1.e4 e6 2.d4 d5 3.Nc3 Bb4 4.e5 c5 5.a3 Bxc3+ 6.bxc3 Qa5 7.Bd2 Qa4
This was it, the line of the Winawer French that I was hoping for!
8.Qb1 Nc6 [8...c4]
But here already I managed to forget the correct way to play it. I needed to play c4 right away. Luckily he didn't punish me, which he could have done with 9.Bb5 Qa5 10.dxc5 Nge7².
9.Nf3 c4 10.g3 Nge7
I knew the correct move here was Bd7, but I suddenly became afraid that if he took the pawn on b7 I wouldn't remember how to punish it properly. [10...Bd7 11.Bg2 (11.Qxb7? Rb8 12.Qc7 Nge7 13.Be2 Qa6 14.0–0 Rb7 15.Qd6 Nf5 16.Qc5 Rb5 17.Bxc4 dxc4 18.Qxc4 Na5–+) 11...0–0–0÷]
11.Bh3 b6 12.0–0 Bd7 13.Nh4 0–0–0 14.Qb2 Rde8 15.Rae1 Rhg8 16.Bg4 Nf5
This may look odd, but while looking over all the GM games in this line, I saw that pretty much the only way black gets any play at all is by making this knight move at the proper time and trying to get some counterplay.
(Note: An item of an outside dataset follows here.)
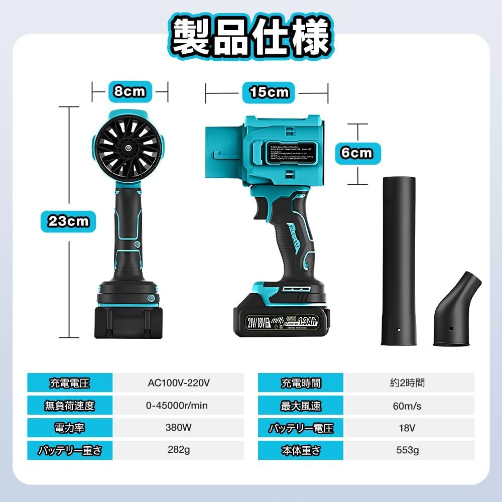 • 【マキタ互換バッテリー2個付き】ブロワーは1.3Ahのマキタ18V互換バッテリー2個を搭載し、連続使用が可能です。マキタ18V純正バッテリーと互換が可能です。また、充電中はLEDが赤色に点灯し、充電が完了するとLEDが緑色に点灯し、約3時間でフル充電できます。鋸作業の木くず、穴あけドリル作業の切粉、デジカメやキーボードのホコリを自動で手軽的に吹き飛ばします!

Not saying I made it at the right time, but I made the offer and he refused it.
17.Ng2 
[¹17.Nxf5 exf5 18.Bh5 Be6²]
17...g6 18.h4 h5 19.Bf3
By refusing to take the knight on f5, white essentially allowed me to create a fortress that is very hard to break down. In fact, it looked so difficult that shortly white decided to sac an exchange!
[¹19.Bxf5 exf5 20.Nf4 Be6±]
19...Nfe7 20.Nf4 Rd8 21.Nh3 Be8 22.Bg2 Nf5 23.Ng5 Rd7 24.Nh7 Rh8 25.Nf6
I was very unhappy that I had allowed him to bring this knight to f6 where it could strangle my position. I took the time to get rid of it, but that meant allowing a pawn to throttle me on f6 instead. Still the fortress is hard to do anything against.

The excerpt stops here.